Dedicated BullMQ workers consume queued events asynchronously.

Separate queues are maintained for products, customers, and orders, with each category handled by its own worker.

Why This Design?

This separation enables independent deployment and scaling.

A surge in order volume only requires scaling order workers, while product and customer processing remain unaffected. Likewise, deploying fixes to one worker does not interrupt webhook ingestion or unrelated workloads.


Module 4: Retry Strategy and Dead Letter Queue

The Challenge

Failures are inevitable.

Temporary database outages, API timeouts, unexpected edge cases, or software bugs can all cause message processing to fail.

How the system handles failures determines its production reliability.

The Solution

Failed jobs enter an automatic retry process using exponential backoff.

Instead of retrying immediately, each retry waits progressively longer, reducing pressure on downstream services during transient failures.

Once the retry limit is exceeded, the message is moved into a Dead Letter Queue (DLQ).

The original payload and error details remain available for investigation, allowing engineers to fix the issue and replay the message later.

Why This Design?

Retries handle temporary failures.

Dead Letter Queues handle persistent failures.

Together they ensure that no message is silently lost while providing a controlled recovery path.


Module 5: State Management and Message Replay

The Challenge

Queue systems are naturally opaque.

When production incidents occur, teams need answers to questions like:

  • Which messages have been processed?
  • Which ones failed?
  • Why did they fail?
  • Which business data was affected?

Without visibility, troubleshooting becomes difficult and time-consuming.

The Solution

Every message maintains a lifecycle state inside the database:

pending → processing → done / failed

Workers update these states throughout processing, while failure reasons are recorded alongside the message.

This state model enables selective message replay.
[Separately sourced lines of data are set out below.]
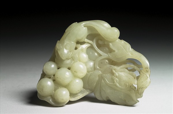 玉質,有細璺。全器作松鼠爬伏於葡萄藤葉之間,背面刻劃葉紋與藤鬚。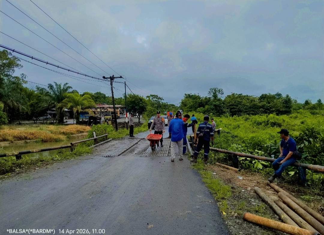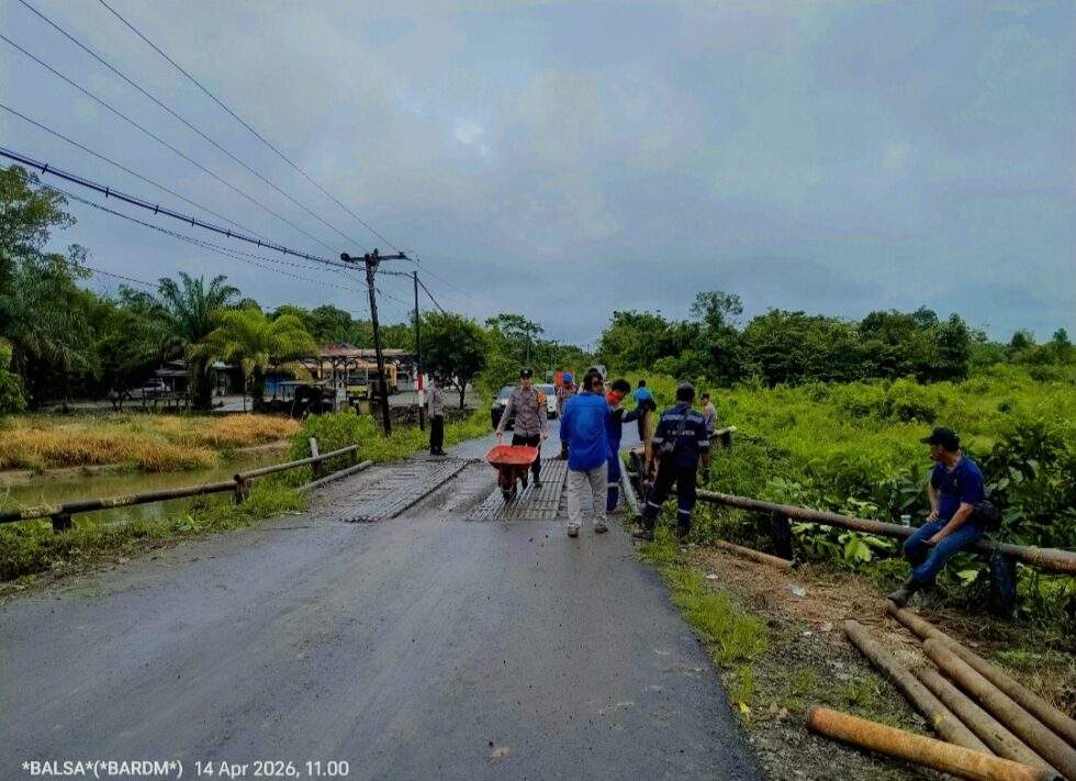 Musi rawas, MP-POLRI – Kecamatan Bts Ulu.  Kepedulian terhadap keselamatan pengguna jalan ditunjukkan oleh jajaran Polsek Kecamatan. Bts Ulu bersama ketua LPLH DPC, Kecamatan. Bts Ulu dan Ketua LSM Kelurahan Bangun Jaya bersama tokoh masyarakat dan warga setempat, mereka bergotong royong memperbaiki jalan yang belubang dan minim nya penerangan, dan memperbaiki pagar pembatas jembatan sungai jerni yg bertempat di kelurahan. Bangun Jaya, Kecamatan. Bts Ulu, Lintas Musi Rawas-Pali. pada hari Selasa (14/04/2026).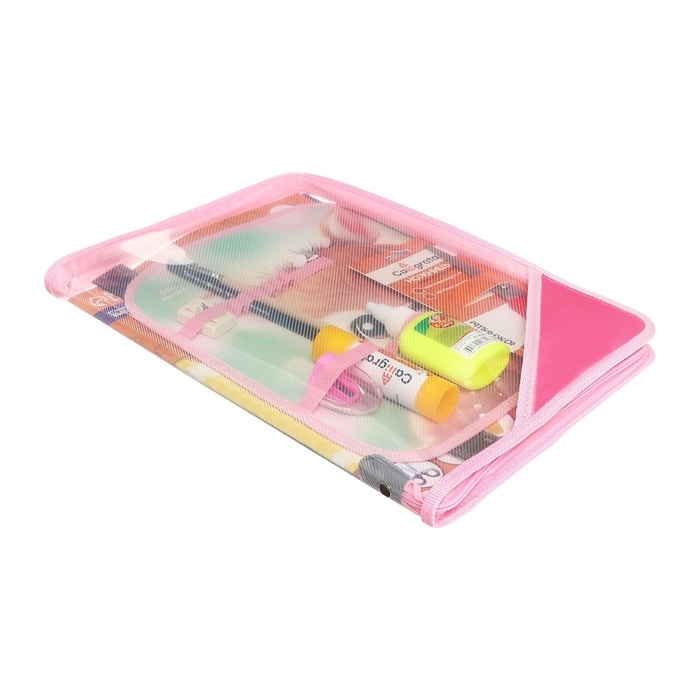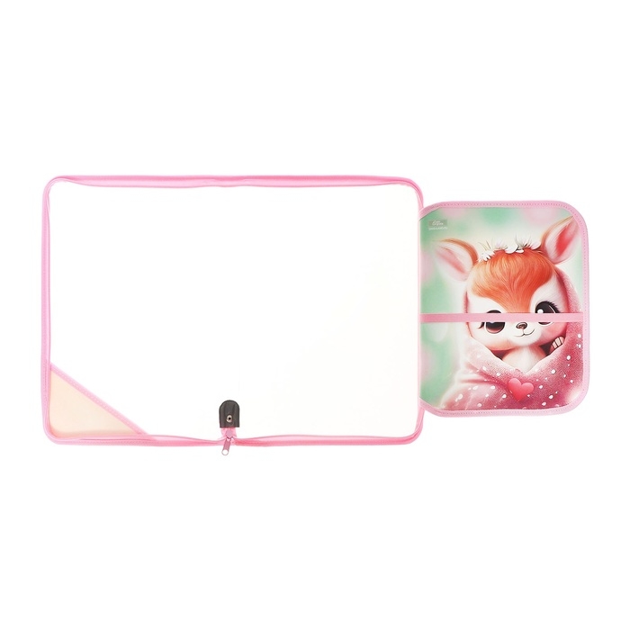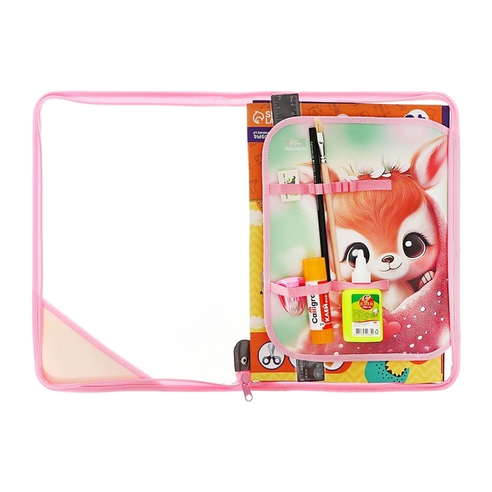 Папка для труда А4, молния вокруг, откидная планка, пластиковая, ПТР-1, с наполнением 10 предметов, для девочки, Calligrata "Олененок"

After fixing a bug or resolving an external dependency, failed messages can be filtered and resubmitted without impacting successfully processed events.

Why This Design?

Observability is a fundamental capability of production systems.

Being able to quickly identify failed events, understand their causes, and replay only the affected messages dramatically reduces recovery time and operational risk.


Conclusion

These five modules work together to solve one fundamental problem:

Building a reliable, observable, and recoverable synchronization layer without disrupting existing Shopify operations.

This synchronization layer serves as the foundation of a progressive migration strategy.

Once the data layer is stable, business modules can be replaced incrementally with confidence, enabling a gradual transition from Shopify toward a fully self-controlled backend.